This is a big deal. When more memory can be packed into a smaller space on flash memory cards, the price-per-gig drops. As the capacity of these energy-sipping memory cards increases, they become more practical for use in everyday devices such as laptops, replacing spinning hard drives and promising such features as instant-on, smaller size, less heat and enhanced energy efficiency. We can't wait to see the impact of this technology, expected to hit the market by 2009.
Cool stuff. My next computer will not have spinning drives.
Have they ever solved the problem that after you had written to the same spot on the drive a number of times that spot was now no longer viable?
I remember that being an issue early on; it’s why I don’t own any of these devices.
Nope.
Supposedly NAND flash, the type used for these HD replacements, is not subject to the wearing-out problem.

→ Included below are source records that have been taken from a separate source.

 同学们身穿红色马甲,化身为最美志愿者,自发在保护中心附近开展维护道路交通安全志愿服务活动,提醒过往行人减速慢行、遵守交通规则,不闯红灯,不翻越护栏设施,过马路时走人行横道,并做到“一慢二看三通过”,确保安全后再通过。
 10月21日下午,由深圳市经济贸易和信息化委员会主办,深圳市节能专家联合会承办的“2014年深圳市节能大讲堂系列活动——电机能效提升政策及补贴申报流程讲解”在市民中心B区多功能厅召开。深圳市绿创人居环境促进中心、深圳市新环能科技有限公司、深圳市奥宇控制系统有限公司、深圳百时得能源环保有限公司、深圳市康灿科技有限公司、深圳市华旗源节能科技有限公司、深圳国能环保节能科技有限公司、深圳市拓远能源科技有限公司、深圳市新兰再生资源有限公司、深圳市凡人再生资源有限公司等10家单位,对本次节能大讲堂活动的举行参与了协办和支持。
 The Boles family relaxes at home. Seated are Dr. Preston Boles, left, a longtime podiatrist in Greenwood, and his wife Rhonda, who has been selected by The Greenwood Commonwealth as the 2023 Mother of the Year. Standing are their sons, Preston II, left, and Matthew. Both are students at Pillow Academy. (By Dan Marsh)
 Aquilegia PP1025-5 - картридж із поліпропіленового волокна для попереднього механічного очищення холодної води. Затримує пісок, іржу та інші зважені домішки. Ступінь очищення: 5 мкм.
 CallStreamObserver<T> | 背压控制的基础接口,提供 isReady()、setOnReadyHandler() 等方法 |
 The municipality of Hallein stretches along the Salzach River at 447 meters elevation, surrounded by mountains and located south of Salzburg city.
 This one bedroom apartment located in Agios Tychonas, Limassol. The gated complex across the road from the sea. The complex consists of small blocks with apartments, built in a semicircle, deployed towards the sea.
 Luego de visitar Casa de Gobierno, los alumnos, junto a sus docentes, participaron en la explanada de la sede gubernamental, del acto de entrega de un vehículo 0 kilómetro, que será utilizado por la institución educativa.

That same problem would certainly apply to a mechanical device like a hard drive.
I have several 1G and 2G SD chips in various devices, and have never seen any decreases in capacity. And I over-write a lot.
Are you sure you're not thinking of re-writable CDs?

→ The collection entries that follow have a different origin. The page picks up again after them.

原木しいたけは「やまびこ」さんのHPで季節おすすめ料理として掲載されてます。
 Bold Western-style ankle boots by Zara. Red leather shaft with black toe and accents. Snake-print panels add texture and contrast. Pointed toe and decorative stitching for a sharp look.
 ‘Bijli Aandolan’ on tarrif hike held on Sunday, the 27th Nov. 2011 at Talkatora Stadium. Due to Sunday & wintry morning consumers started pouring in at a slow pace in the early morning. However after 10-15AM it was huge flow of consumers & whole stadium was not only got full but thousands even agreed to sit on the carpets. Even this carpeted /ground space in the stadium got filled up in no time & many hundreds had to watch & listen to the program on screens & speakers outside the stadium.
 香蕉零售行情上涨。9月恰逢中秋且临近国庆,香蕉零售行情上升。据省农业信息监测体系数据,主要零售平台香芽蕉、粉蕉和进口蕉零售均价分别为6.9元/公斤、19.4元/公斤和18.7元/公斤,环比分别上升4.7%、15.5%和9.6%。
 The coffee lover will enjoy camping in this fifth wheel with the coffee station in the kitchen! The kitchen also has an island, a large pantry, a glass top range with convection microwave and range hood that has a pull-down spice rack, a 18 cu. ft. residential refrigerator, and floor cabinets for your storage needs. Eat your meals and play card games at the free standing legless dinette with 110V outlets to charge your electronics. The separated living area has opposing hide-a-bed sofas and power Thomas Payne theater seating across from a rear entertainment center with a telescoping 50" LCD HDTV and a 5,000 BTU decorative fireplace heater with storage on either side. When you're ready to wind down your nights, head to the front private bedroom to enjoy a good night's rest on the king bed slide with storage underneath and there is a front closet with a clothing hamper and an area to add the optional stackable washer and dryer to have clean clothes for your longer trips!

One gets many more write-read-erase-write cycles with spinning media than with the current flash devices.
What, something about how 30 cm diameter highly powerful magnifying glasses are the latest hot sexual aid in Japan?
There was a show on one of the cable channels more than a year ago about futuristic computer technology. One technology used magnets as storage devices. The capacity for storage was virtually limitless.

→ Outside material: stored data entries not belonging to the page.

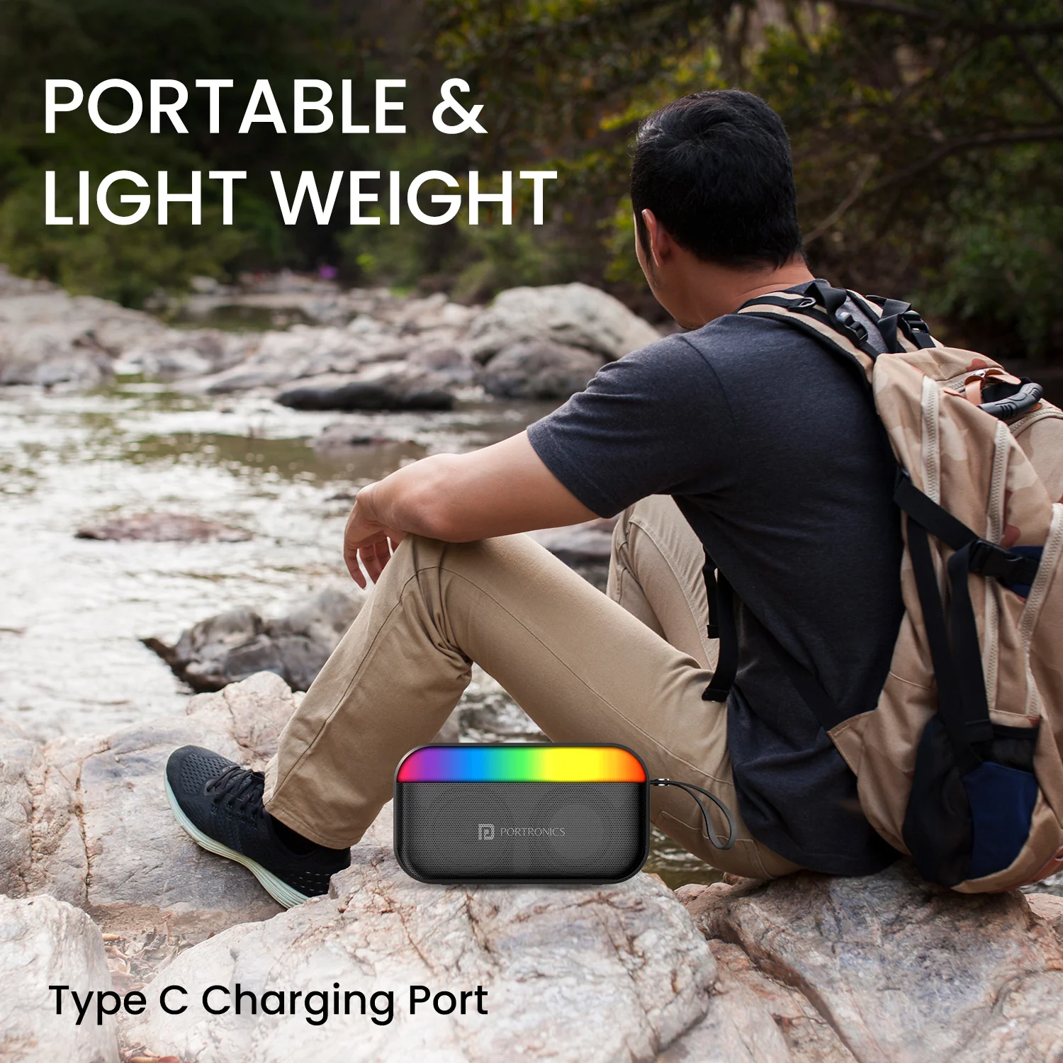 - 8 Watt HD Portable Speakers: Portronics Plugs 2, a portable bluetooth speaker with RGB lights that packs a punch with its 8W built-in speakers, and provides HD crystal clear sound.
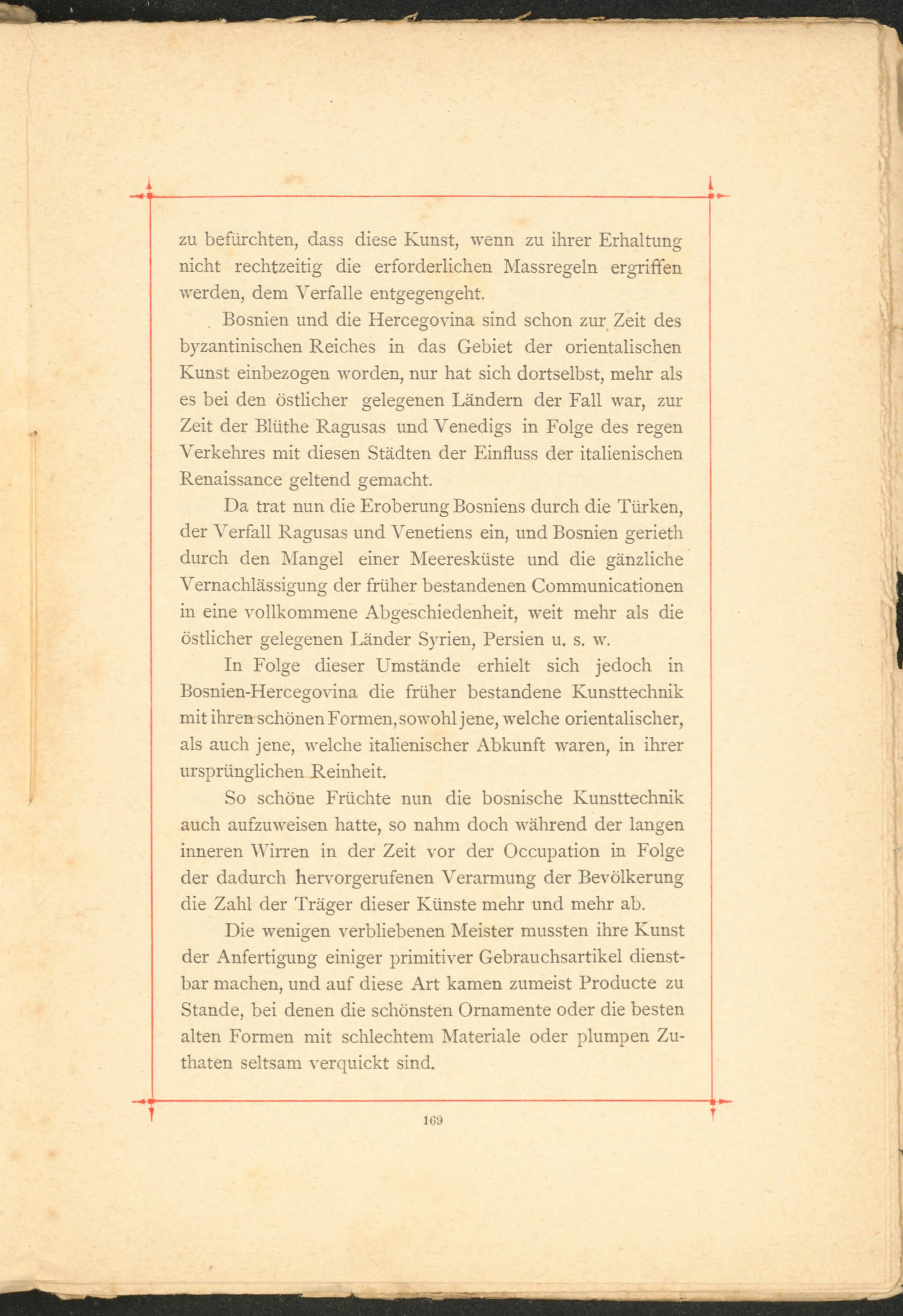In Folge dieser Umstände erhielt sich jedoch in Bosnien-HercegOA’ina die früher bestandene Kunsttechnik mit ihren schönen Formen, soAA’ohl jene, AA r elche orientalischer, als auch jene, aa' eiche italienischer Abkunft AA-aren, in ihrer ursprünglichen Reinheit.
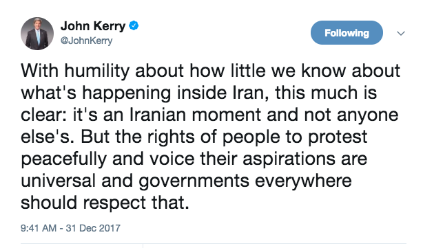 31 Dec 2017 – In shocking comments on Twitter on December 31 former US Secretary of State John Kerry claimed he knew “little” about what was happening in Iran after three days of protests across the country.

How soon will they show up at Wal-Mart? And for how much?
To put that in more down to Earth terms, that would be about 28 single layer DVD quality movies on one of those chips.
At that point, it would seem that having a faster bus becomes much more important. For this reason it is probably going to be USB3 4.8Gbit/s instead of USB2 480Mbit/s.
I had a whole flash drive just go totally dead on me a few months back. Nice surprise. Did have a backup, though.
A good application for this kind of device would be to hold a navigation database that normally resides on a CD ROM or DVD ROM. Access times are faster. The operation is mostly read. Updates might only be necessary annually as new databases are offered by the supplier.
It’s still a problem, but it’s 100,000 write cycles, and various techniques can increase the life of a chip to longer than you’ll probably be using it.
Wow. That’s something. I still remember buying my 100MB hard drive in college in ‘93 and thinking it would be impossible to fill that up. lol
I’ll have the one on the right with a side of shrimp fried rice :)
Dang, and I just forked over 40 bucks for a 4 gig Cruzer. I coulda had a vee-eight!
Seems like having a Computers OS located on Flash memory would be an ideal application.
The OS is rarely over written and having it on Flash would mean quicker boot up.